Para ello, los jueces, al momento de resolver un problema jurídico a través de sus fallos, deberán estar sujetos, sin pretexto alguno, a la aplicación de normas jurídicas según el orden de jerarquía que establece el art. 410 de la CPE, y que concuerda con el art. 15 de la Ley del Órgano Judicial (LOJ). Decisión judicial que al mismo tiempo deberá guiarse necesariamente bajo el principio de eficacia que establece el art. 30.7 de la LOJ, cuyo contenido sugiere imbuir de practicidad una decisión judicial, que se exprese el resultado de un debido proceso y que a la vez mantenga el efecto de haberse impartido justicia.
Todo este desarrollo debe suponer que los jueces conocen el derecho, comprenden y requieren de la lógica jurídica, y que se encuentran habilitados y vinculados al ejercicio de la interpretación normativa; lo que conlleva ineludiblemente a aceptar que los jueces, con el conocimiento de los fundamentos de hecho de un problema jurídico, pueden identificar cuál es el derecho aplicable para resolver determinado conflicto.
En ese sentido, adquiere relevancia el principio del Derecho iura novit curia, que determina que los jueces se encuentran vinculados a aplicar las normas jurídicas que correspondan a la solución de determinado conflicto jurídico que se sustancia dentro el proceso establecido por ley, a pesar de que el derecho aplicable al caso concreto no haya sido invocado por las partes del proceso o lo haya sido erróneamente; cuidando que su aplicación no afecte el principio de congruencia, ya que los jueces no podrán ir más allá del petitorio, generar indefensión, ni sustentar su fallo en elementos fácticos distintos a los expuestos por las partes.
Por lo tanto, los jueces, en aplicación del principio iura novit curia, en general no deberían dejar de otorgar o resolver alguna pretensión jurídica o de derecho, bajo el sustento o fundamento de que alguna de las partes presentó su exposición de hechos y pretensiones sin el apoyo jurídico que sea aplicable al caso concreto, en otros términos, estas autoridades no deberían omitir o evadir resolver una problemática jurídica en el fondo por la ausencia de cita de normas jurídicas o la cita incorrecta de las mismas.
En consecuencia, cuando el art. 115 de la CPE, reconoce el derecho de acceso a la jurisdicción señalando que: ‘Toda persona será protegida oportuna y efectivamente por los jueces y tribunales en el ejercicio de sus derechos e intereses legítimos’; emerge, de acuerdo a todo lo expuesto anteriormente, el deber de las autoridades judiciales de aplicar el derecho que corresponda a la solución de determinado conflicto jurídico que se ventile según las normas procesales, independientemente de las omisiones o errores que puedan contener los argumentos jurídicos de las pretensiones o intereses de las partes; puesto que el fin último de la actividad judicial se enmarca en otorgar una solución al conflicto debatido por las partes y conocido por la autoridad judicial bajo parámetros objetivos que se respaldan en la aplicación de la Constitución y la ley” (las negrillas nos corresponden).
En ese mismo sentido, la SCP 0304/2013-L de 13 de mayo, citando la Sentencia T146/10 de 4 de marzo, dictada por la Corte Constitucional de Colombia, señaló lo siguiente: “9.1. El principio general del derecho iura novit curia, que significa 'el juez conoce el derecho', es una de las columnas vertebrales de la acción de tutela.

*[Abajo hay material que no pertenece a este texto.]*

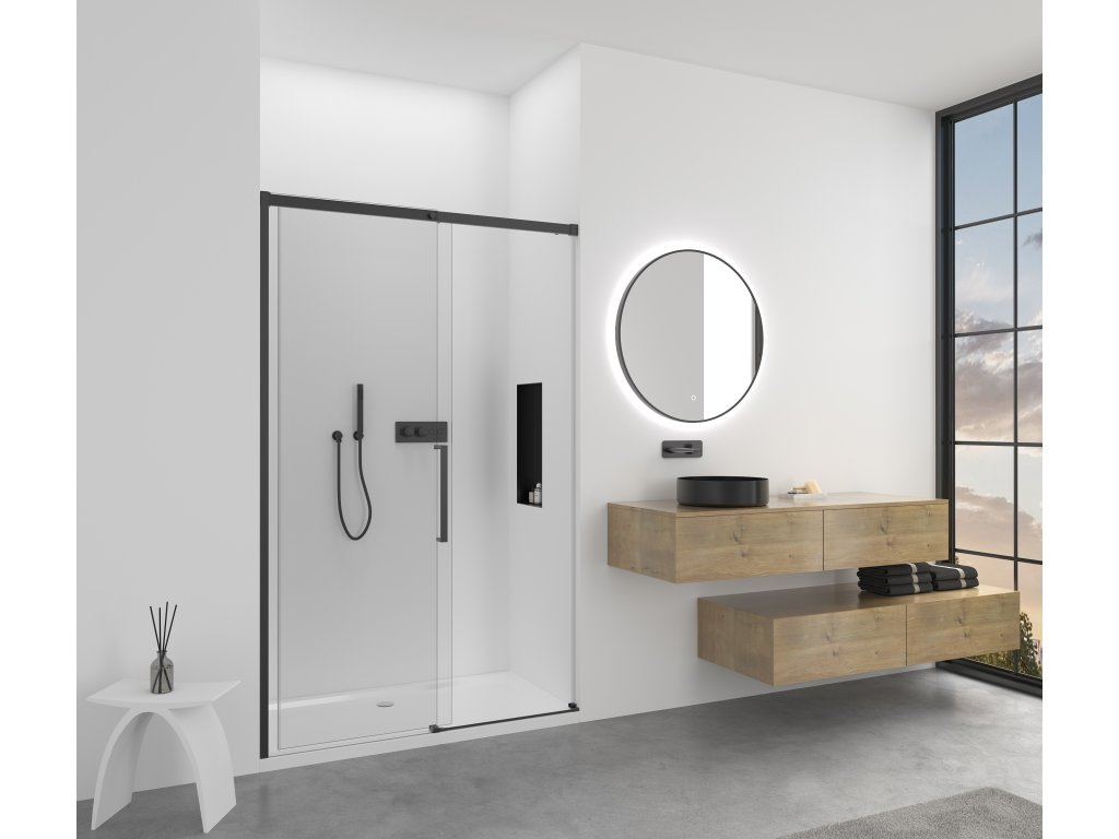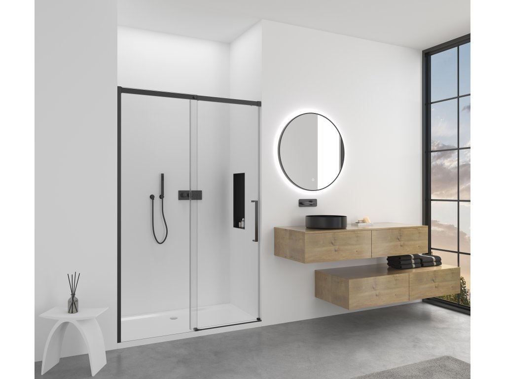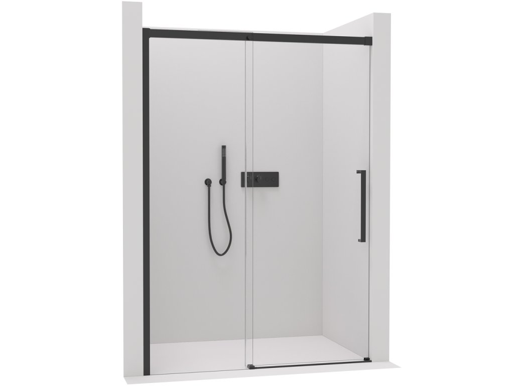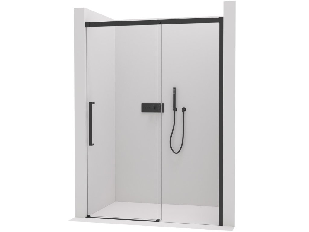 CERANO - Lantono B/J tolóajtó zuhanykabinhoz - 8 mm - Soft-Close - matt fekete, átlátszó üveg - 130x195 cm
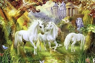 Einhorn im Paradies Fabelwesen Schloss XXL Wandbild Kunstdruck Foto Poster P0466 Größe 90 cm x 60 cm, Größe 90 cm x 60 cm
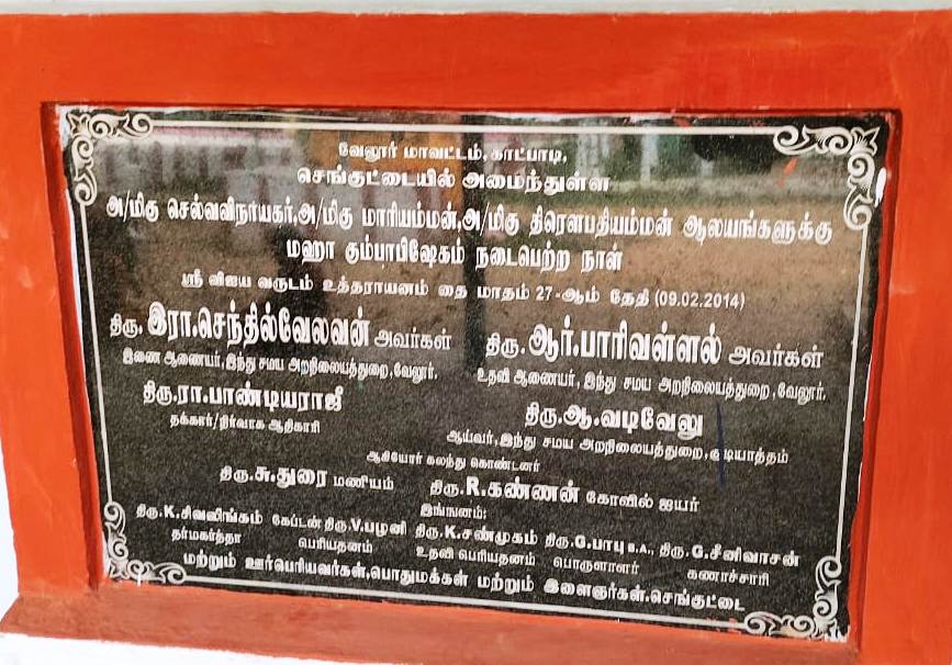 அருள்மிகு திரௌபதியம்மன், மாரியம்மன் திருக்கோயில், செங்குட்டை - 632007, வேலூர்
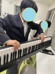 こんにちは。ひふみ吉田第二教室です。教室に電子ピアノが入りました!みんな夢中になって弾いていました。ピアノは目と手の供応と微細運動のトレーニングになります。加えて音感の良いお子さんが多いので繊細なメロディーを紡ぎだすことができます。苦手な事をできるようになることも大事ですが、得意なことをさらに伸ばしていくことも大事な療育の一つです。当事業所では得意なことを伸ばす療育もしています。

En la medida que la tutela es un recurso judicial informal que puede ser interpuesto por personas que desconocen el derecho, es deber del juez de tutela, en principio, analizar el caso más allá de lo alegado por el accionante. La manera como se ha entendido y reiterado el principio iura novit curia en la jurisprudencia interamericana de derechos humanos, es que en virtud de éste, ‘el juzgador posee la facultad e inclusive el deber de aplicar las disposiciones jurídicas pertinentes en una causa, aun cuando las partes no las invoquen expresamente’.
Así pues, no es menester que una persona demande del juez de tutela la aplicación del principio en cuestión, por cuanto es un mandato general y continuo que se ha de atender en todo proceso de tutela. Ahora bien, la jurisprudencia constitucional ha sido sensible en la aplicación de este principio a las condiciones materiales del caso. Así, por ejemplo, se asume y demanda del juez una actitud más oficiosa y activa en aquellos casos en los que la tutela la invoca un sujeto de especial protección constitucional o una persona que, por sus particulares circunstancias, ve limitado sus derechos de defensa. De igual forma, el juez no puede desempeñar el mismo papel si el proceso, por el contrario, es adelantado por alguien que sí cuenta con todas las posibilidades y los medios para acceder a una buena defensa judicial” (las negrillas son agregadas).
En aplicación del indicado principio, entre otros, la justicia constitucional ha establecido la doctrina de la reconducción de las acciones de defensa, conforme se tiene razonado en la SCP 0645/2012 de 23 de julio, al señalar que cuando “…el intérprete advierta que los contenidos de la demanda se acomodan más a la tramitación de otra acción de defensa (acción de libertad, de protección de privacidad, amparo constitucional, acción popular) y de esta manera pueda, al amparo de los principios de eficacia de los derechos fundamentales, economía procesal, prevalencia del derecho sustantivo sobre el derecho adjetivo, pro actione y iura novit curia, reconducir la tramitación de la acción de cumplimiento a un proceso de acción de libertad, de protección de privacidad, amparo constitucional o acción popular, atendiendo ciertos requisitos a ser desarrollados por la jurisprudencia constitucional en el caso específico, donde se advierta la necesidad de reconducir su tramitación a otro proceso…”.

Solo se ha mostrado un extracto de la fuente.